1. **Pandas Functions:**
    
    a. Index operations
    
    b. Concat
    
    c. Merge
    
    d. Groupby and Aggregation

This NB:

2. **Troubleshooting pandas dataframes**

In [2]:
!wget https://raw.githubusercontent.com/gt-cse-6040/skills_oh_week_07/main/who3.csv
!wget https://raw.githubusercontent.com/gt-cse-6040/skills_oh_week_07/main/who3_soln.csv

--2023-10-12 11:37:06--  https://raw.githubusercontent.com/gt-cse-6040/skills_oh_week_07/main/who3.csv
Resolving raw.githubusercontent.com (raw.githubusercontent.com)... 185.199.108.133, 185.199.109.133, 185.199.110.133, ...
Connecting to raw.githubusercontent.com (raw.githubusercontent.com)|185.199.108.133|:443... connected.
HTTP request sent, awaiting response... 200 OK
Length: 2676500 (2.6M) [text/plain]
Saving to: ‘who3.csv’


2023-10-12 11:37:06 (61.1 MB/s) - ‘who3.csv’ saved [2676500/2676500]

--2023-10-12 11:37:07--  https://raw.githubusercontent.com/gt-cse-6040/skills_oh_week_07/main/who3_soln.csv
Resolving raw.githubusercontent.com (raw.githubusercontent.com)... 185.199.111.133, 185.199.108.133, 185.199.109.133, ...
Connecting to raw.githubusercontent.com (raw.githubusercontent.com)|185.199.111.133|:443... connected.
HTTP request sent, awaiting response... 200 OK
Length: 2600453 (2.5M) [text/plain]
Saving to: ‘who3_soln.csv’


2023-10-12 11:37:07 (43.0 MB/s) - ‘who3_soln.csv’ 

*****************************************

# Troubleshooting pandas dataframes

*****************************************

## What we want to do is show some techniques for troubleshooting when our dataframe does not match the solution dataframe.

*Steps for today:*

1. We have the who3 and who3_soln dataframes, from Notebook 7.

2.  We will make a copy of the who3 dataframe and manipulate it a little bit.

3.  Also run the function to show that they are equivalent, at the start.

#### First, let's import the pandas library and define the functions.

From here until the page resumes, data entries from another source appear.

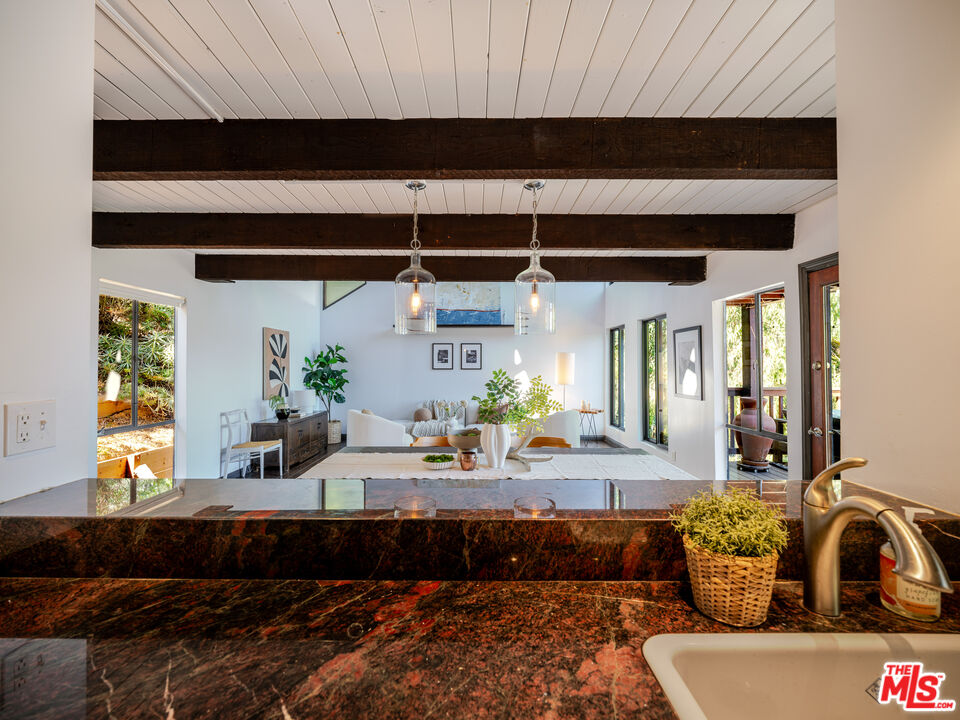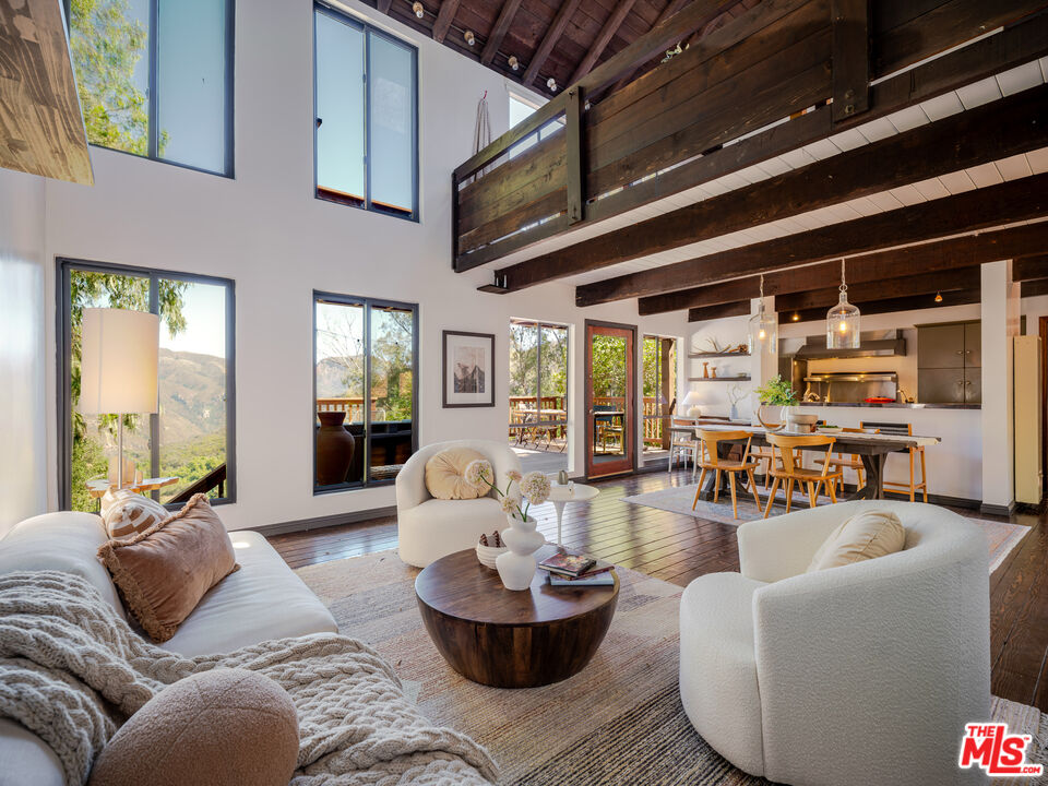Romantic 1970s Architectural with Guest House & Mountain ViewsPerched in Fernwood with uninterrupted views of Topanga State Park, this tri-level 1970s architectural blends vintage soul with modern comfort. The 2-bed, 2-bath main house and detached guest house sit on a rare double lot shaded by stately trees and cooled by ocean breezes.Inside, soaring ceilings, tongue-and-groove wood floors, French doors, and expansive windows flood the living spaces with light and frame the mountain vistas. The custom kitchen and remodeled baths balance timeless character with thoughtful updates. Located in Topanga's sought-after Fernwood area, with easy Westside access and just a short distance to the beach this is pure Topanga romance is ready for its next steward.
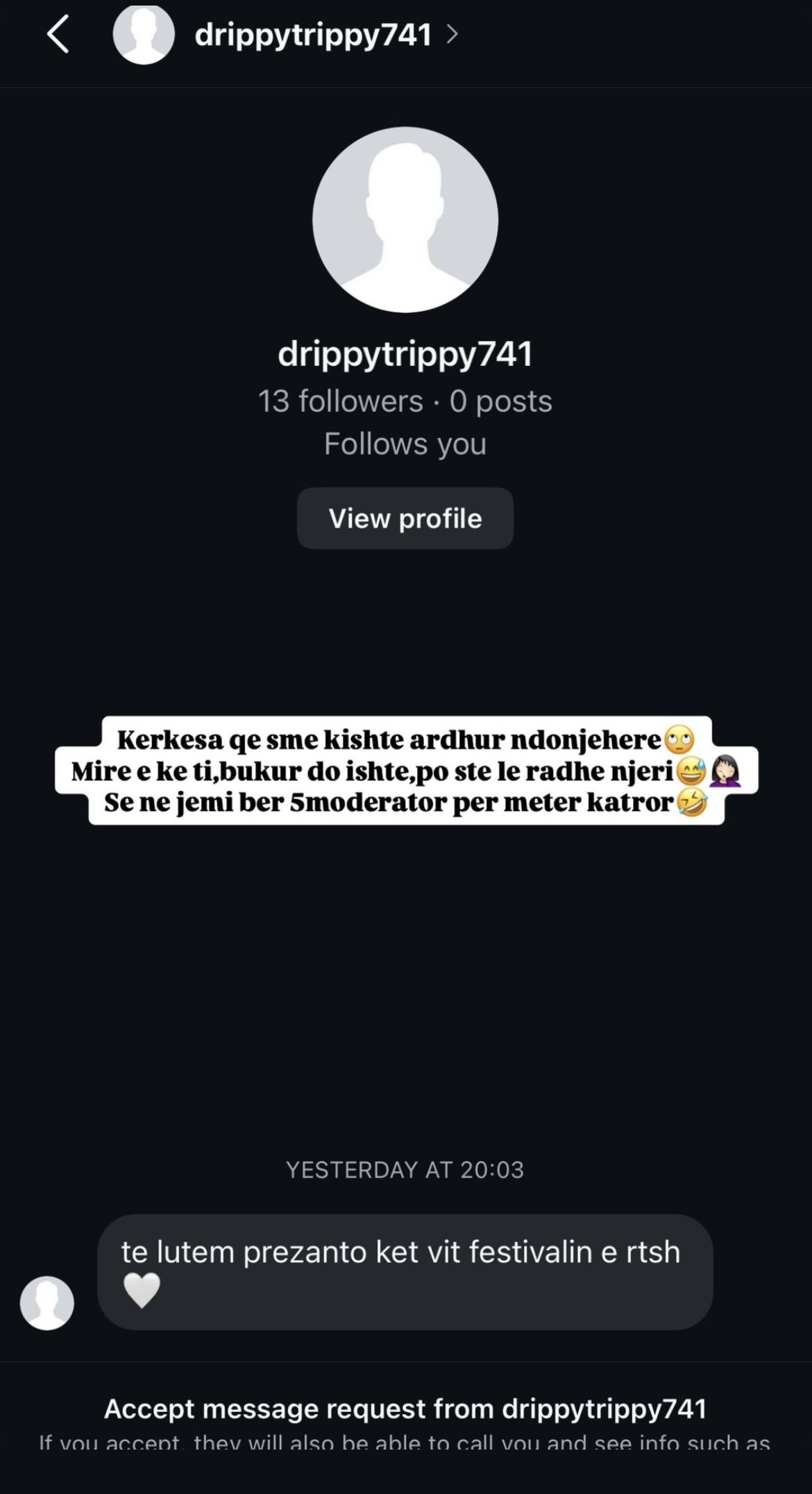 “Të lutem prezanto ket vit festivalin e rtsh.”-kështu shkruhet në mesazhin që ka marrë Einxhel.
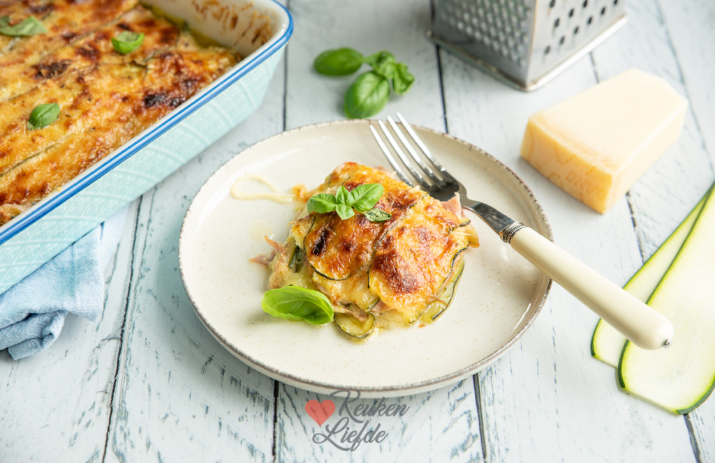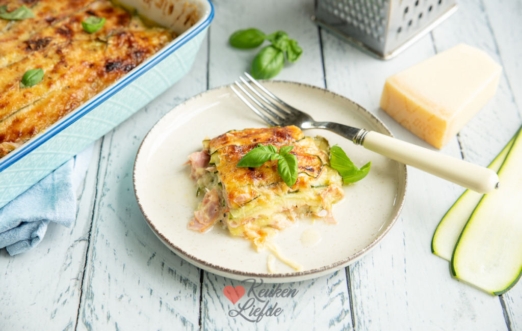 Courgette lasagne met ham en mozzarella. Ik ben dol op lasagne en dit is een leuke variant op de klassieker. Elk jaar hebben wij courgettes uit eigen moestuin en iedereen die een courgetteplantje heeft weet, die dingen groeien als onkruid. Deze lasagne met courgette, ham en mozzarella maak ik graag in de zomer om het overschot aan courgettes in te verwerken. De traditionele lasagnebladen vervang je door dunne courgetteplakken waardoor het tevens een koolhydraatarm recept is. De courgettes gaan rauw de ovenschaal in en garen in de oven. De voorbereiding is zo gepiept. Daarna doet de oven de rest van het werk.
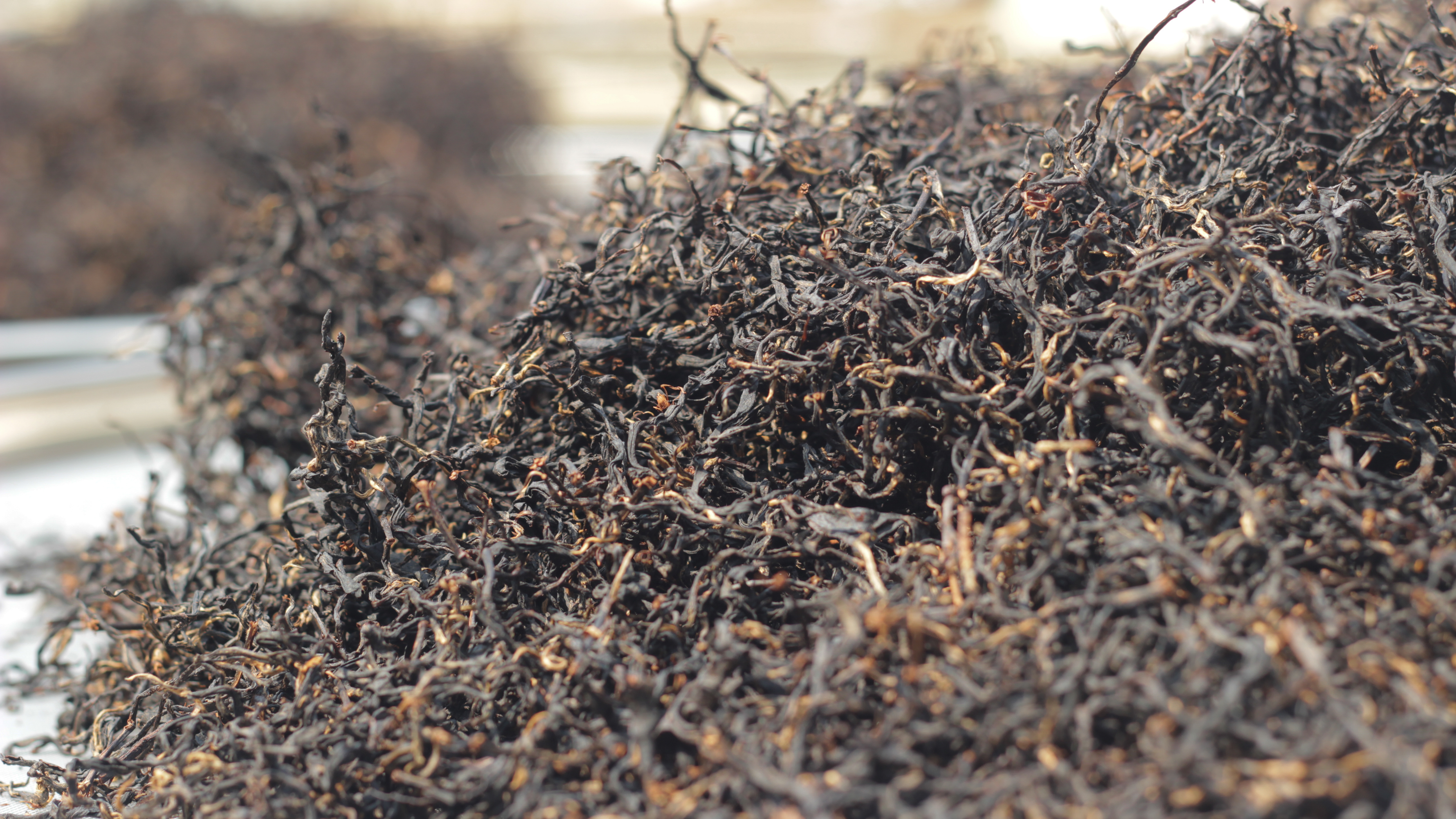 茶树和周围的树木伴生伴长,极少人工干预,近似野生状态下的茶,叶底油亮,内含物质丰富。

The two functions below, canonicalize_tibble() and tibbles_are_equivalent(), are from the Notebook 7 solution.

In [3]:
import pandas as pd

### Remember that `Y` is in canonical order if it has the following properties.

1. The variables appear in sorted order by name, ascending from left to right.
2. The rows appear in lexicographically sorted order by variable, ascending from top to bottom.
3. The row labels (`Y.index`) go from 0 to `n-1`, where `n` is the number of observations.

In [1]:
def canonicalize_tibble(X):
    # Enforce Property 1:
    var_names = sorted(X.columns)
    Y = X[var_names].copy()

    ### BEGIN SOLUTION
    # Enforce Property 2:
    Y.sort_values(by=var_names, inplace=True)

    # Enforce Property 3:
    Y.reset_index(drop=True, inplace=True)
#     Y.sort_index(inplace=True)
    ### END SOLUTION
    return Y

#### Below is the tibbles_are_equivalent() function. The testing function on the exams is similar to this one.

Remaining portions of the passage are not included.